Scandal was abuzz in the Twitter-verse following this year’s Met Gala in the Big Apple. This news follows on the heels of a string of similar celebrity controversies that made recent headlines.
May’s event was special because after two long years, pandemic restrictions were finally lifted. Now that things could go back to business as unusual, stars geared-up to make 2022 an extravaganza for the history books.
It was an overall hit with the public, but it wasn’t without its share of controversy. This year’s theme was “Gilded Glamour”—a reference to opulence and excess in New York’s Gilded Age at the turn of the century.
Diamond jewelry takes center stage at the Gala, and this year was no exception. Naomi Campbell was drenched in Jacob & Co jewels. Kate Moss wore a vintage collet necklace, earrings and Cartier ring. But it was Emma Chamberlain’s famous Cartier choker that generated the most buzz, and not all of it was kind.
Chamberlain’s choker harks back to 1928, when it belonged to an Indian prince, the Maharaja of Patiala, Bhupinder Singh. Not present on Chamberlain was its counterpart, the Patiala Necklace itself, featuring a world famous yellow De Beers stone mined in 1888 in South Africa.

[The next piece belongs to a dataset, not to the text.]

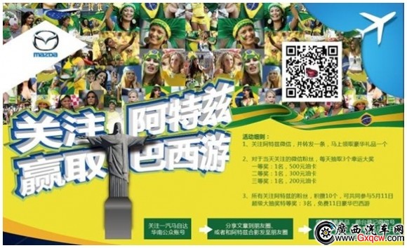 ①即日起,來店客戶和車展客戶,均可通過關(guān)注一汽馬自達(dá)華南大區(qū)微信公眾賬號,只要分享阿特茲文章或人車合影照片至朋友圈,即可到一汽馬自達(dá)4S店或展臺領(lǐng)取豪華禮品一份,更有11日豪華巴西游等你來拿。。

The collar worn by Chamberlain was part of a set, and is easily recognizable in Maharaja photographs.
James Redding is a period jewelry designer at London’s Vintage Gallery Jewellery. In a telephone interview he explained that there was a public misconception about the center of controversy.
“When people speak of the Maharaja’s famous necklace, most are not in fact referencing the piece being worn by Ms. Chamberlain. It was on this jewelry itself where we find what was the world’s seventh largest diamond.”

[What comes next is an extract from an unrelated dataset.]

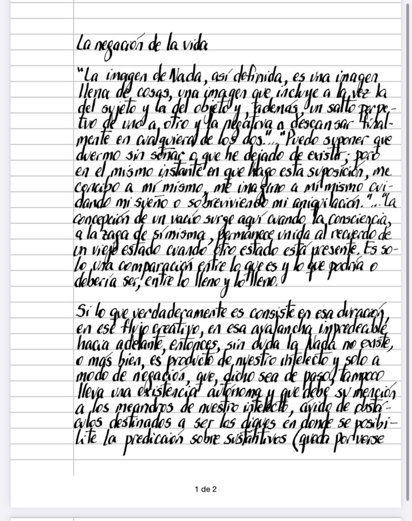 «La imagen de Nada, así definida, es una imagen llena de cosas, una imagen que incluye a la vez la del sujeto y la del objeto y, además, un salto perpetuo de uno a otro y la negativa a descansar finalmente en cualquiera de los dos.»…»Puedo suponer que duermo sin soñar o que he dejado de existir; pero en el mismo instante en que hago esta suposición, me concibo a mí mismo, me imagino a mí mismo cuidando mi sueño o sobreviviendo mi aniquilación.»…»La concepción de un vacío surge aquí cuando la consciencia, a la zaga de sí misma, permanece unida al recuerdo de un viejo estado cuando otro estado está presente. Es solo una comparación entre lo que es y lo que podría o debería ser, entre lo lleno y lo lleno.” (De “Henry Bergson Premium Collection”)

Following Singh’s death, the heirloom disappeared from his family’s royal treasury under British rule. In 1998, its large gemstone resurfaced at Sotheby’s, and was acquired by Cartier.
The French jeweler later discovered another missing piece of the scuttled necklace for sale in London, and restored it to appear as the original. Maharaja jewels have important national and historic significance in India, and they are considered plundered loot under occupation by an exploitative, colonialist power.

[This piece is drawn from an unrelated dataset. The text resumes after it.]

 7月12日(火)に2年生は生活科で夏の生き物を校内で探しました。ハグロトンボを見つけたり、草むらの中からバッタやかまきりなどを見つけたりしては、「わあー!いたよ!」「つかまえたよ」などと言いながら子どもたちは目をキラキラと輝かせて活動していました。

Vintage diamonds are often a sensitive topic to begin with. In some cases there is legitimate concern over blood diamonds; as well as issues involving theft, colonialism, or exploitation. These areas of controversy have plagued the jewelry industry for years, but a novel solution by an Israeli high-tech company has solved the riddle of knowing a diamond’s provenance.
Sarine Technologies uses hardware, software and blockchain to establish proof of provenance and ownership. Luxury conglomerates like Maison Boucheron use the technology to ensure their products are sustainable and ethical.
Using AI-powered software, a high-resolution imaging device captures a 3D model of a rough jewel at the mine site. The unique crystalline structure of each jewel has its own forensic fingerprint, and together with metadata, it’s all uploaded to Sarine’s cloud database and blockchain.
Each checkpoint of the stone’s journey uses a scanner to verify a fingerprint against the database, and then transit point data is updated on blockchain. Owners are registered in Sarine’s database, and proof of ownership is easily established by a scan of the stone.
Customers know exactly where a stone was ethically sourced, and in the event of a gem being lost or stolen, any store that scans it will instantly know to whom it belongs. Jewels come with a digital report called the Sarine Diamond Journey, which documents the birth of a rough stone and its travels.
Joseph Millstein is a gemstone trader for Regency Collective in Manhattan. In a Zoom interview last week he explained, “For our industry, tracing technology is the most exciting development in decades. Our clients are insisting that certain countries or mines are excluded from our sourcing, and this blockchain tracking solves all of this for us.”
It’s now possible to buy a sustainable natural diamond that is guaranteed to come from a mine with ethical conditions. An irony of the Met’s Gilded Glamour theme is the dark underbelly of that period’s exploitative opulence. A saving grace is that younger generations won’t let it happen again, and now there’s a technology for ensuring that it doesn’t.